Восставай-ка на резвы ноги,
Отворяй-ко ворота широки,
Выпускай-ко калик во храмину,
Подавай-ко каликам напитися…’
— Испей, касатик, испей на здравие.
Это словно из земли выросла баба с ведрами на плечах, та самая, что боялась, как бы ратные кони всей Оки не выпили. Только теперь у нее была не вода в ведрах, а брата, да такая ядреная, что как стали ратные люди испивать ее ковшами, то забыли и про Илью Муромца, да так до ночи и кружил коломенский ковш…

VII. ТАИНСТВЕННЫЙ БОБРОК

Прошла еще неделя. Ополчение продолжало двигаться к югу, оставив за собою Оку и вступив в совершенно уже неведомые области, так мало знали тогда русские люди свою русскую землю. Тут уже приходилось ополчению идти под руководством знающих дело ‘вожей’. Кто ж мог быть тогда этими ‘вожами’ — проводниками, как не торговые люди ‘сурожане’, которые бродили из страны в страну, пробирались от моря Сурожского к морю Хвалынскому, от Хвалынского в страны тмутараканские, торговали и в Булгарах на Волге, и в Сарае, и в Итиле, толкались и по базарам Херсонеса и Козлова, прислушивались и к звяканью кандалов на ногах невольников, продаваемых в Кафе на рынке, и к рокотанью струн ‘Боянов вещих’ на полузапустелых улицах города Киева…

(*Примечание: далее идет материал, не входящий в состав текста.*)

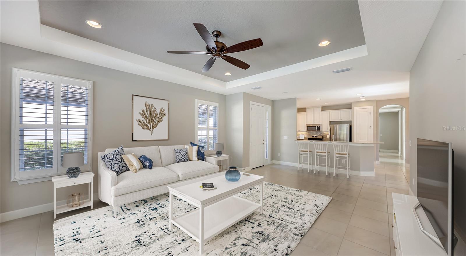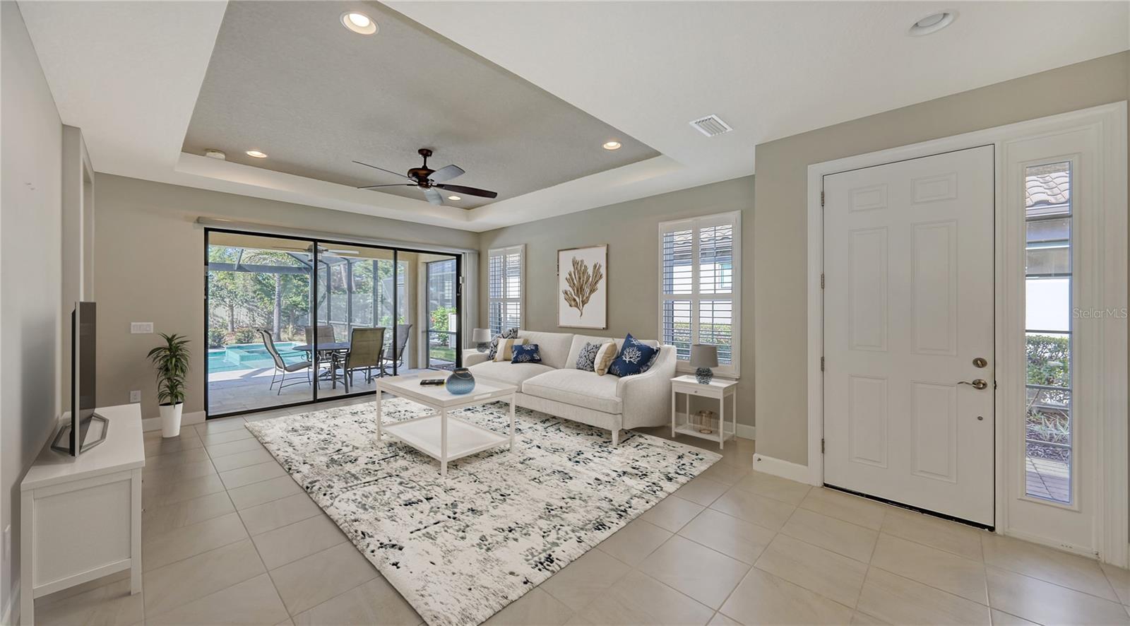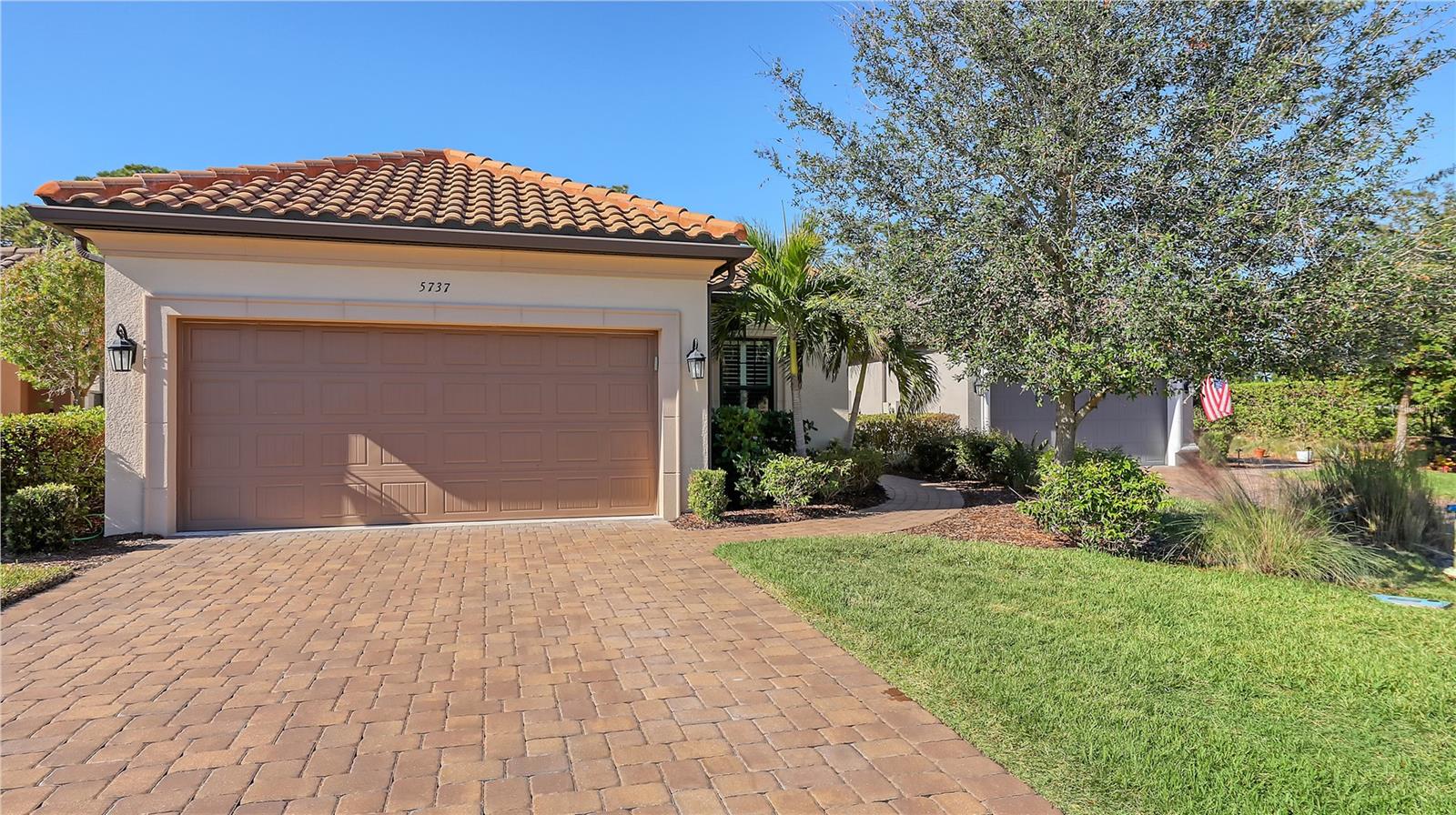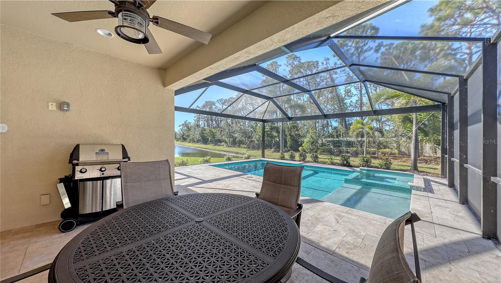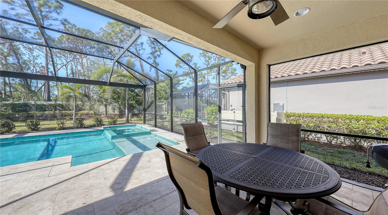 One or more photo(s) has been virtually staged. Welcome to this beautiful 3-bedroom plus den Arezzo Model, perfectly positioned on a premier lot in the highly desirable Bellacina by Esplanade community. Enjoy ultimate privacy with serene south-facing water views that create your own tropical retreat. A heated pool and spa complete the picture, offering the perfect setting for everyday relaxation or entertaining. The open floor plan is ideal for gatherings, while the natural gas kitchen is a dream for cooking enthusiasts. Notable upgrades include elegant plantation shutters, a spacious laundry room with abundant storage, reverse osmosis water filtration, a custom master closet by Affordable Closets, clear span pool cage screens, room-darkening shades in the primary suite, and a Tesla charging station in the garage. Upscale clubhouse with catering kitchen, fitness center overlooking the resort-style pool with cabanas, outdoor spa and firepit, pickleball, tennis, and bocce ball courts, cornhole and playground Two dog parks, full-time activities director for a vibrant social calendar. No CDD fees. Lawn care included in HOA fees. Direct gated access to Sarasota's Legacy Trail. Minutes to Nokomis Beach, Venice Beach, and Siesta Key Beach, plus nearby shopping, dining, and grocery stores. Don't miss the chance to own in one of Sarasota's most sought-after lifestyle communities. Schedule your private showing today and start living the Florida dream!

Таких ‘вожей сурожан’ находилось при русском ополчении десять человек. Один из них особенно поражал своим умом, всезнанием и ‘ведовством’. Сорок лет он ходил и ездил морями из одной земли в другую, знал норовы и обычаи всех стран и народов, говорил на всех языках, знал он и по-сурожски, и по-русски, разумел и татарскую речь, и греческую, говорил и по-немецки, и по-венедски, и по-кафински, и польскою, и сербскою речию. А как станет рассказывать о своих походах да торгах, да чудесах заморских, так волос дыбом становится! В Цареграде он видел самого царя греческого Палеолога и ризу Богородицы, что руссов, сказывают, потопила. В Киеве в пещерах бывал и Золотые Врата видел, и песни киевских слепцов слышал. Когда была на Руси ‘черная смерть’, так он тогда был молодым и, прослышав про мор, ушел из Пскова за море в Галанскую землю. Когда ходил в сербинскую землю, то видел, как хоронили царя их, Степана Душана, и кутью на его поминках ел. И в Булгарах за Волгой алатырем-камнем торговал, и в Сарае бывал и самому Озбяку царю большой алатырь-камень подарил, а Мамаю — саблю ‘едимашку’.
Таков он был, этот ‘сурожанин’! Путь он узнавал по звездам да по месяцу. Знал, где в какой земле какие звери есть, и птицы невиданные, и камни самоцветные, что ночью без огня горят и путь показывают. Видел и кита в море, и людей морских, что до половины баба, да половины же рыба с плесом и плавниками, в ясный день, перед бурей, из моря выскакивают и в ладоши плещут.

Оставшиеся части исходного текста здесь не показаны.